Hi,

The other variable to think about here is the task to container mapping. Each 
job will indeed have 1 task per input partition in the underlying topic but you 
can then spread those 500 instances across multiple containers in your Yarn 
grid:

http://samza.apache.org/learn/documentation/0.9/container/samza-container.html

I'd also suggest thinking about throughput requirements in terms of both the 
Kafka and Samza perspectives. Great blog post from one of the Confluent guys 
here:

http://blog.confluent.io/2015/03/12/how-to-choose-the-number-of-topicspartitions-in-a-kafka-cluster/

For me I have Kafka brokers with JBOD disks so my starting partition count was 
number of brokers * number of disks. I went with that, discovered it wasn't 
hitting my needed throughput and had to up that several times. Currently I have 
around 160 partitions for the  high throughput topics (700K msgs/sec) on a 5 
broker cluster.

So over-partitioning is a good thing and gives additional throughput and more 
flexible growth but if you are ramping that too soon you are likely requiring 
growth of your job container count. Look at your throughput requirements and 
hardware assets, pick a starting point and test your assumptions. If you are  
like me you'll find most of them are wrong. :)

Garry

-----Original Message-----
From: Lukas Steiblys [mailto:lu...@doubledutch.me] 
Sent: 21 May 2015 20:20
To: dev@samza.apache.org
Subject: Re: Number of partitions

Each job will get all the partitions and each task (500 of them) within the job 
will get 1 partition. So there will be 500 processes working through the log.
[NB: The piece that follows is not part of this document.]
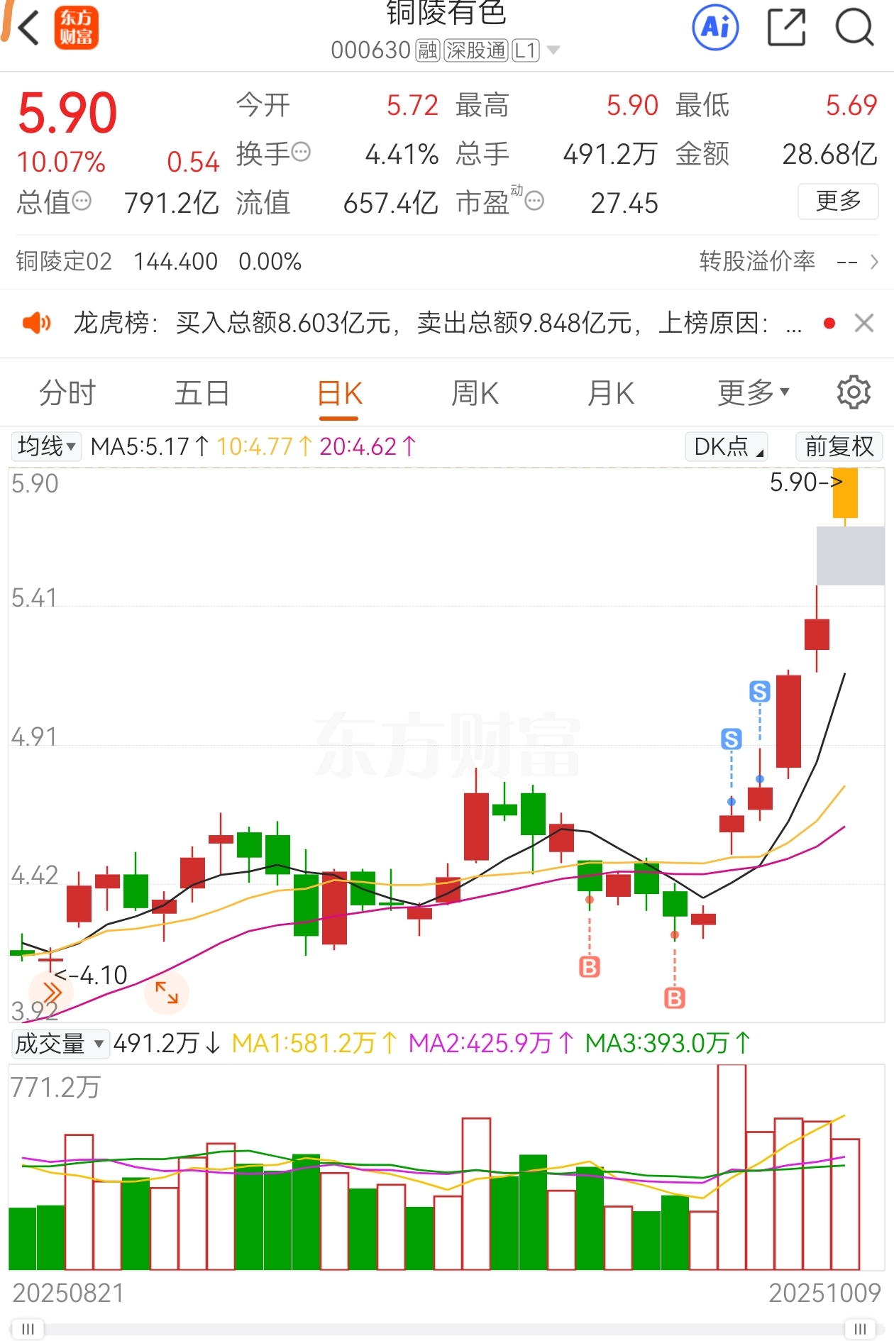 $铜陵有色(SZ000630)$ 谁心里苦我不说
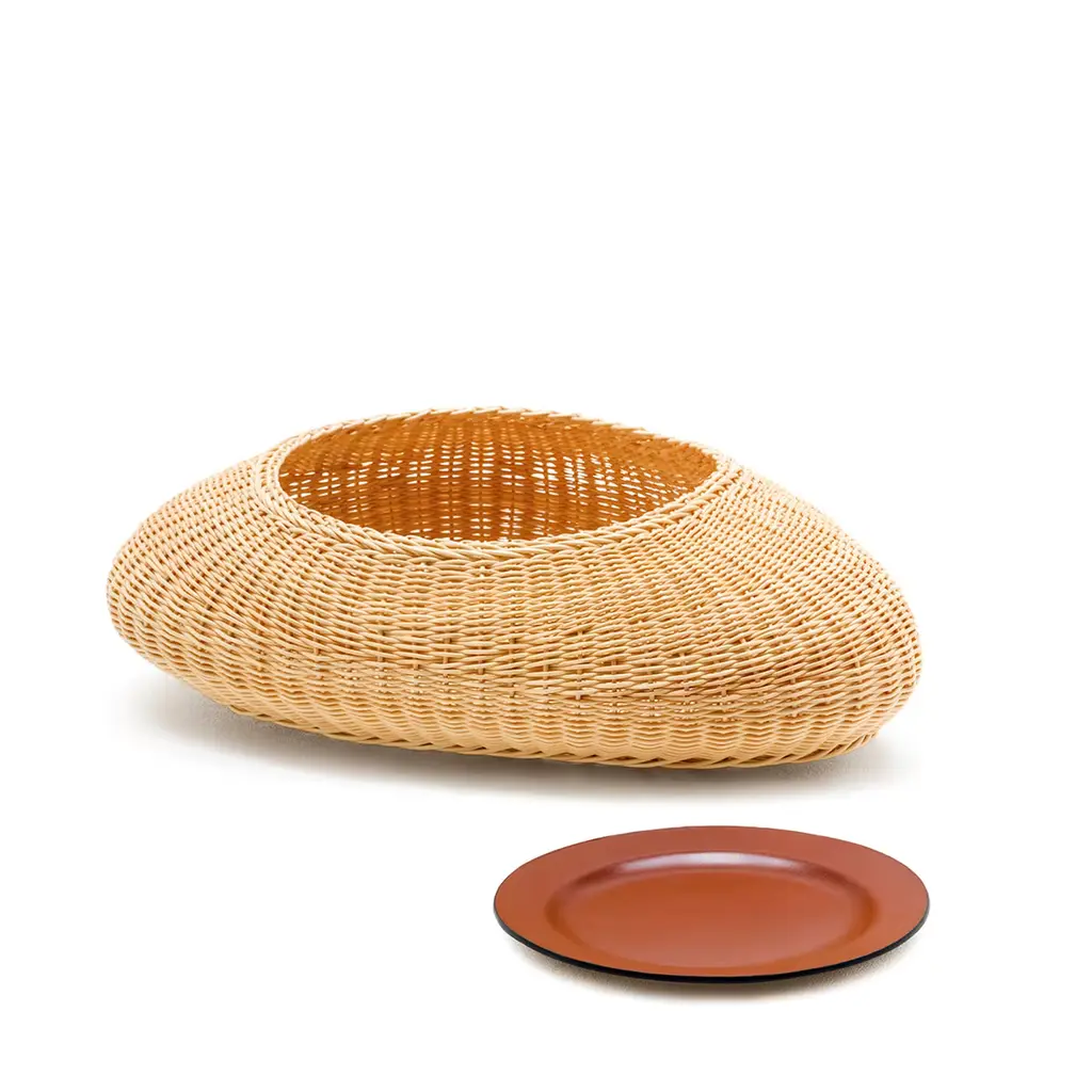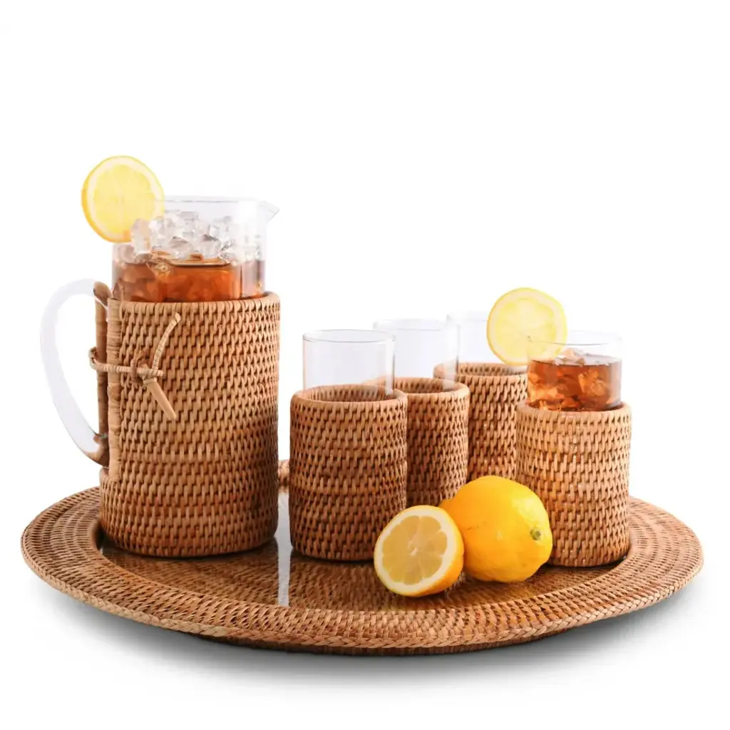 Meet our Premium Handwoven Rattan Serving Tray, an impeccable blend of practicality and artistry. Crafted from high-quality hand-woven rattan material, this unique serving tray adds a touch of natural elegance to any setting. Its generous 18-inch diameter format is perfect for serving drinks, appetizers, or meals while ensuring ease of transport thanks to sturdy handles. Ideal for those entertaining or seeking sustainable products at home. Vagabond House is a family-owned American company specializing in fine pewter tableware, servingware and giftware. Largely inspired by nature, their exclusive products are designed to be unique, functional heirlooms for those who seek to express tradition and style in both family and formal entertaining.

I'd try to figure out what your scaling needs are for the next 2-3 years and 
then calculate your resource requirements accordingly (how many parallel 
executing tasks you would need). If you need to split, it is not trivial, but 
doable.

Lukas

-----Original Message-----
From: Michael Ravits
Sent: Thursday, May 21, 2015 11:17 AM
To: dev@samza.apache.org
Subject: Re: Number of partitions

Well, since the number of partitions can't be changed after the system starts 
running I wanted to have the flexibility to grow a lot without stopping for 
upgrade.
Just wonder what would be a tolerable number for Samza.
For example if I'd start with 5 jobs, each will get 100 partitions. Is this 
reasonable? Or too much for a single job instance?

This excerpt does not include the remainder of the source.